For many Muscovites, the only way to ring in the New Year is standing in the falling snow, near St. Basil’s, listening to the chimes from the Kremlin clock tower. Source: Lori / Legion Media
Russian city streets, shopping malls and businesses are aglow with decorated fir trees, lights and tinsel, reminding the locals once again that the long New Year’s break is coming.
The official New Year holiday break in Russia will last from Dec. 30 to Jan. 8 this year, a week and a half of mid-winter bliss and the envy of citizens of many Western countries, where only Christmas Day and New Year’s Day are federal holidays.
Also, unlike in many Western nations, in Russia it’s New Year rather than Christmas that’s the main winter holiday. This tradition is rooted in the Soviet past, when religious holidays were phased out and substituted with secular ones. In moving the focuse from Christmas to New Year, the customs of decorating a tree, celebrating a special day with family and exchanging gifts was just moved to a different date.
“Although I consider myself a religious person, New Year was always far more important for me than Christmas,” said Irina Popova, director of a small ad agency in Moscow. “You can’t have the feast, the gifts, the holiday atmosphere, the champagne and the smell of tangerines without the chimes of the Kremlin clock at midnight.”
Popova seems to be one of the few Russians who have prepared for the holiday in advance: “I hate the rush at the stores, the long lines and all that bustle, so I prefer to buy everything before the crowds come, or do it online.” This last option is not yet widespread — the share of online shopping in Russia is still only 5 percent — but lines in stores grow exponentially, especially during the peak period from Dec. 15-24.
According to a survey by Deloitte, this year Russians will spend 8.6 percent more on the New Year holidays than in 2011. Experts suggest that this is because they have stronger confidence in their future than they did last year; half of the survey respondents view the economic situation in Russia as stable.
On average, Russians spend $500 on celebrating the winter holidays — 35 percent less than in Europe, where the average is $770. But given the 120 percent difference in per-capita GDP between the EU and Russia, this figure looks far more impressive.
Russian shoppers are prepared to splurge for the holidays, and not just on gifts and food.
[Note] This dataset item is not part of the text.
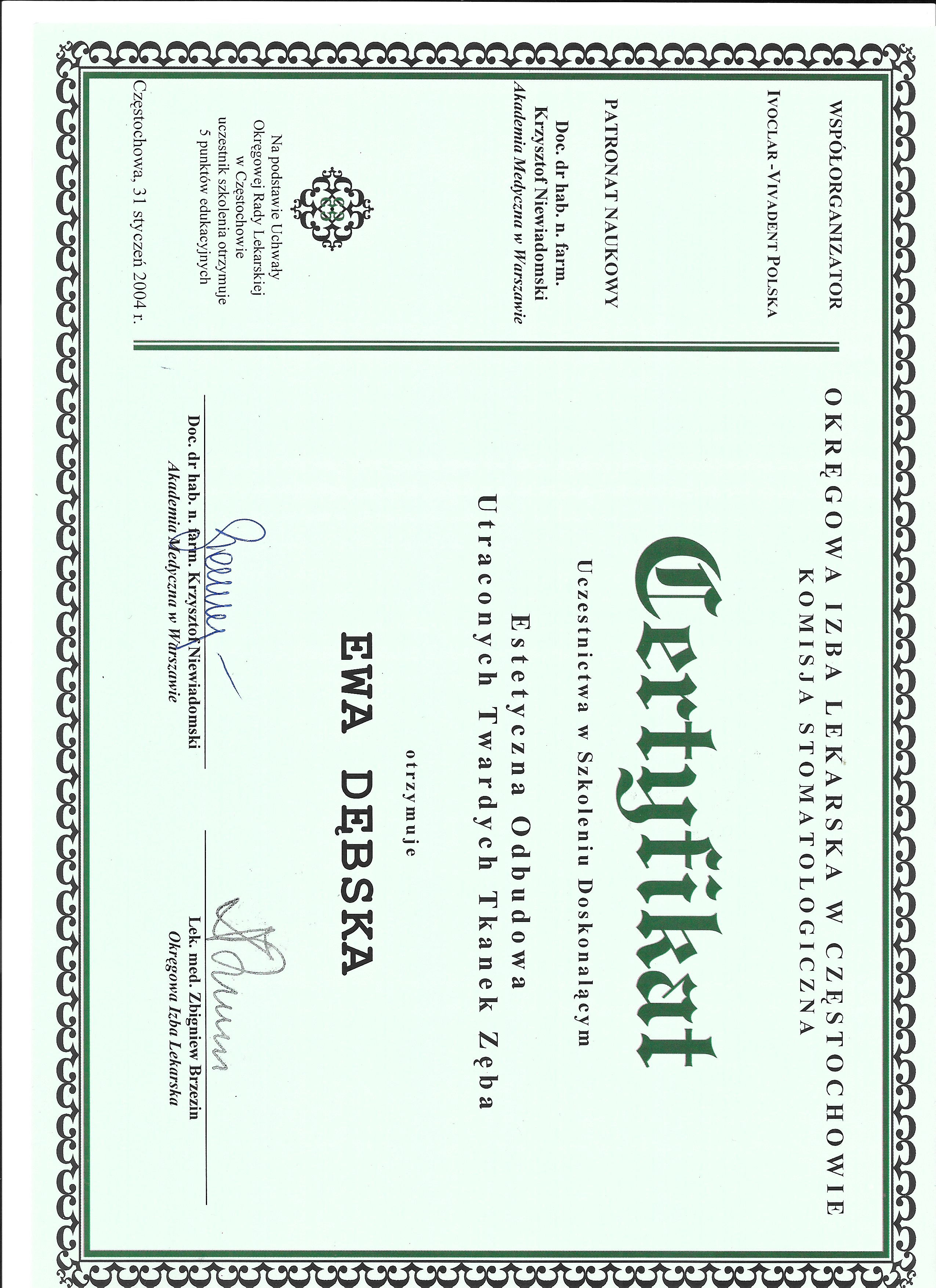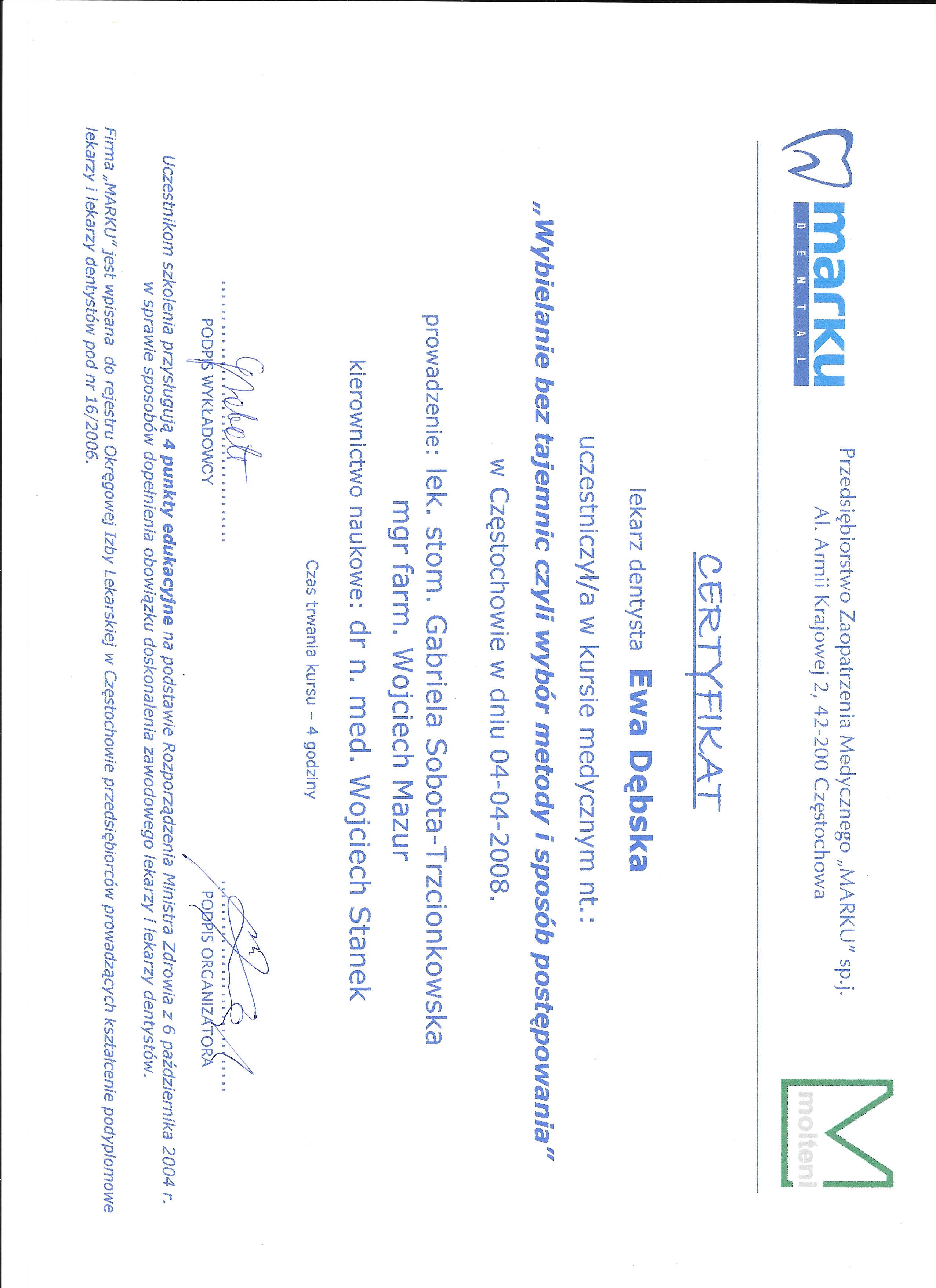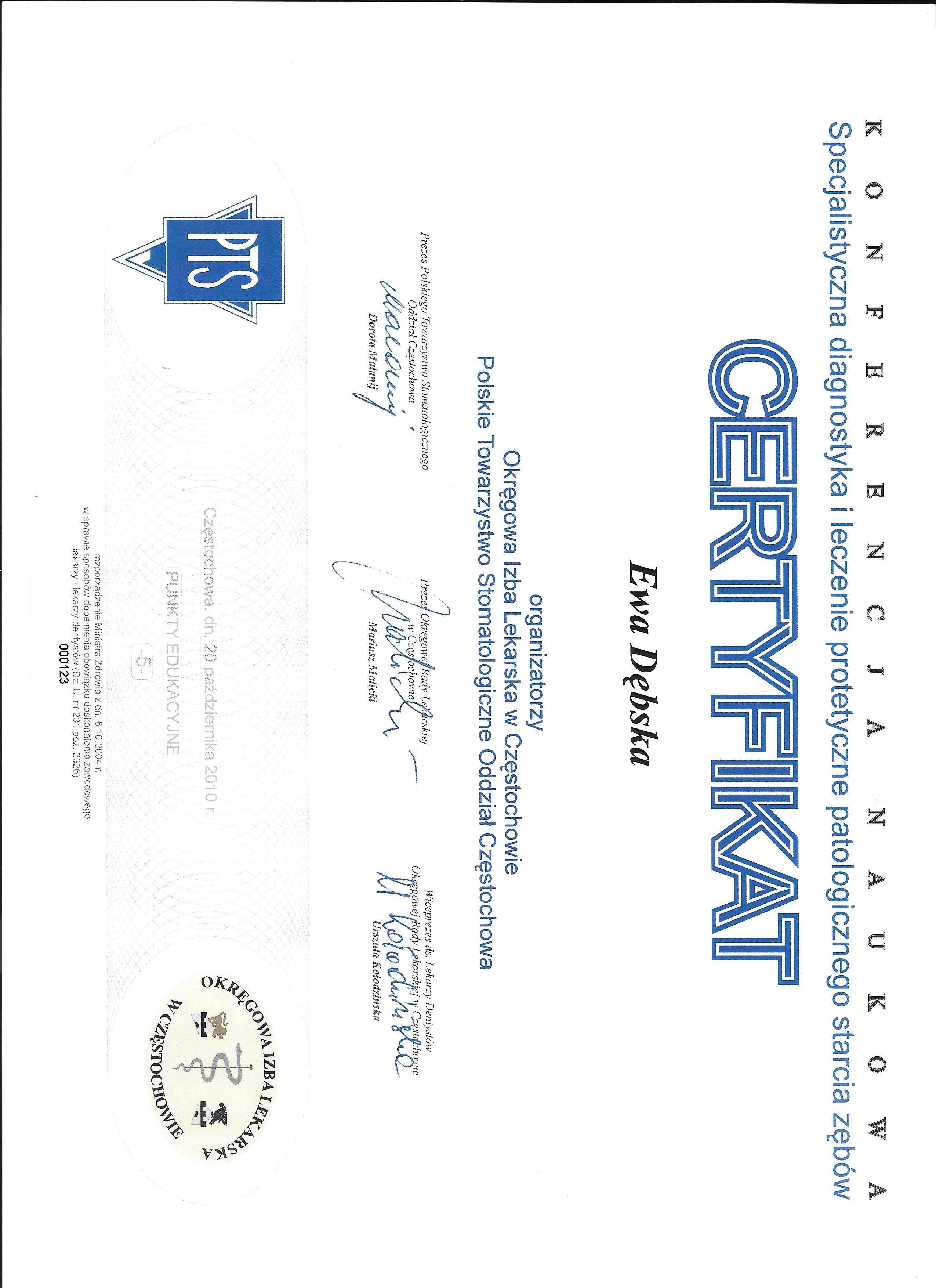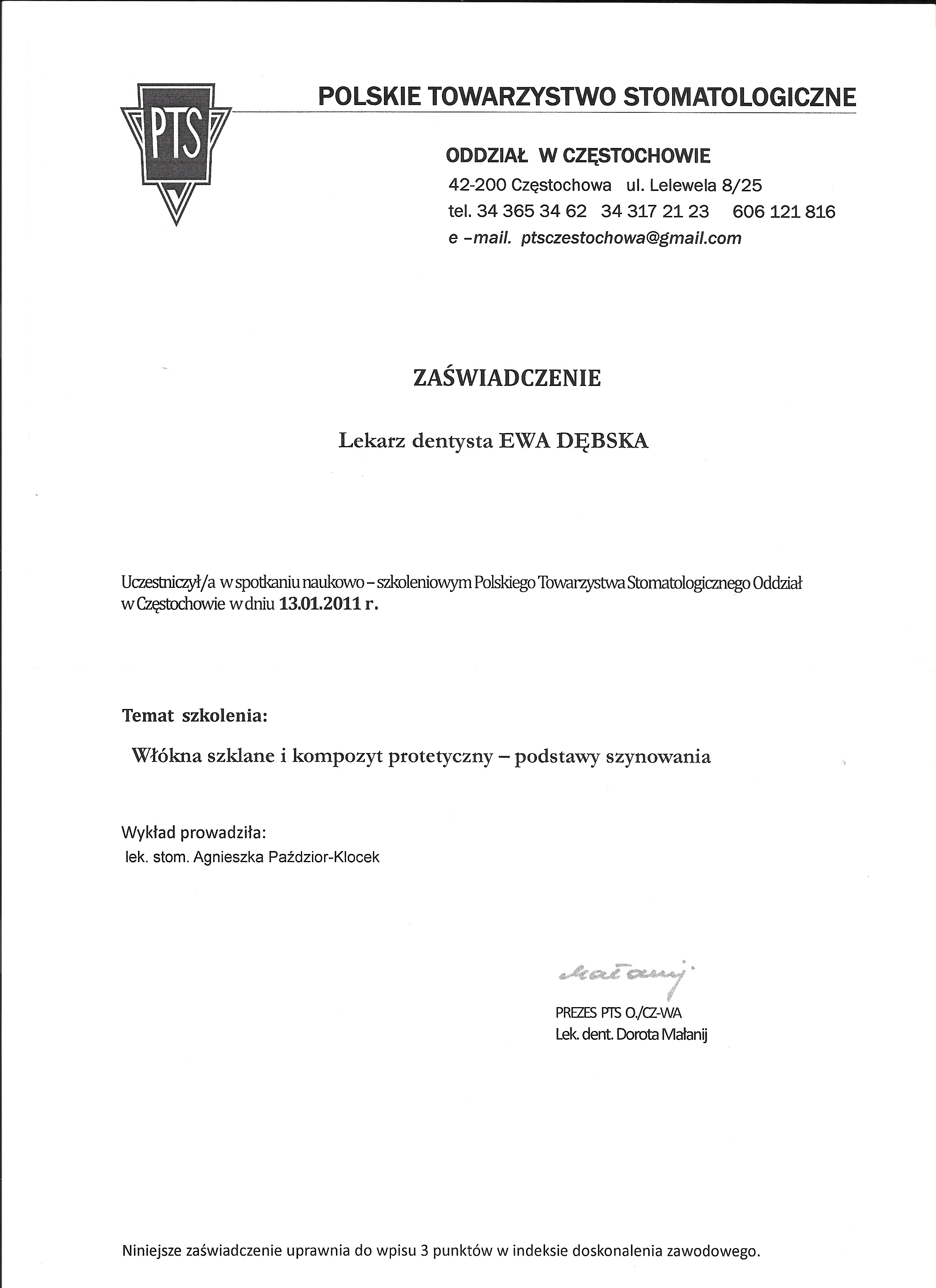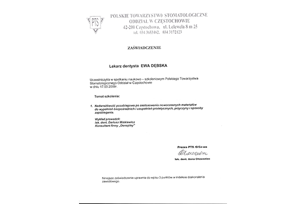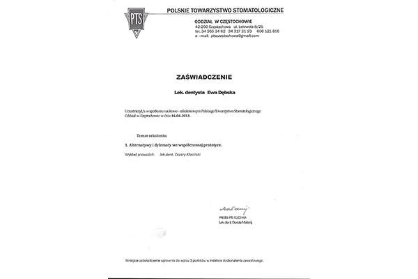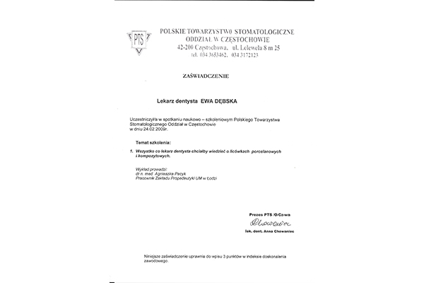lek. stom. spec. stom. ogólnej Ewa Dębska-Kunicka

It is becoming increasingly popular to go on vacation for the New Year break.
Slightly more than half of those who spend their holiday abroad chase the sun. Many Russians head to Egypt, where tour packages start at $400 for the week. Ski holidays are also popular, although the price for this type of vacation is substantially higher. Vadim Nesmeyanov, the 30-year-old founder of an I.T. start-up, is among those leaving snow to find more snow.
“My family has been going to Chamonix for about three years now. There were only four of us in the beginning, but now our group has grown to 12 people, and we need to find a chalet that is big enough. If you book early enough, the cost of flights and accomodation shouldn’t be too high — around €1,500 ($2,000) for 10 days,” Nesmeyanov said, adding, “Plus, traveling to Europe during the holiday sale season is an excellent opportunity for shopping; I can buy a new iPhone.”
According to the Deloitte poll, a new smartphone is one of the most desired gifts this New Year. Forty percent of respondents would like a new phone; fifty-six percent said they would be happy with cash. However, most poll respondents said they planned to give cosmetics (42 percent) and candy (38 percent) as presents. Inexpensive household appliances like slow cookers and juicers are also in demand.
Russians don’t like to go out on New Year’s Eve; more than 80 percent prefer to entertain guests at home or visit friends in their homes. But not everybody can share in the bliss or afford to forget about work: More than 11 percent of Russians work through the holidays.